The exponential regression model allows for censorship. In this model, the dependent variable is the number of days spent on the organ transplant waiting list, represented by futime. The variable event represents the final disposition of the patient, which has 4 categories including censored.

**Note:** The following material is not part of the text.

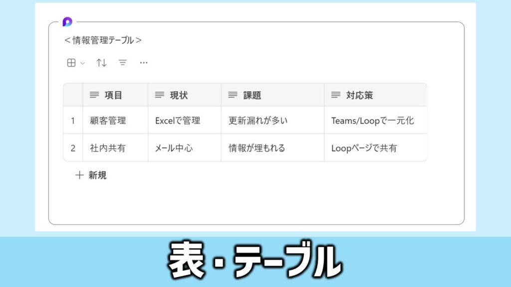 テーブルは、Loop コンポーネントの中でも 最も応用範囲が広い“万能ツール” です。 情報整理、比較表、タスク管理、ヒアリングメモなど、ビジネスのあらゆる場面で活躍します。
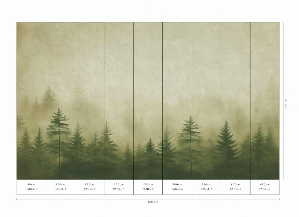Rozmiar: 450 x 270 cm Mural składa się z 9 paneli o szerokości 50 cm Rodzaj Podłoża winyl na flizelinie 220g

Ultimately, we are interested in wait time regardless of outcome, so the died while waiting, withdrew from list, or received transplant can serve as a “no longer waiting” category, while still waiting refers to those in the ‘censored’ variable.
library(dplyr)
## Warning: package 'dplyr' was built under R version 3.4.4
library(Zelig)
library(ZeligChoice)
library(faraway)
library(survival)
data(transplant)
tibble::glimpse(transplant)
## Observations: 815
## Variables: 6
## $ age <dbl> 47, 55, 52, 40, 70, 66, 41, 55, 50, 61, 58, 61, 38, 37,...
## $ sex <fct> m, m, m, f, m, f, f, m, m, m, m, m, f, m, f, m, m, f, f...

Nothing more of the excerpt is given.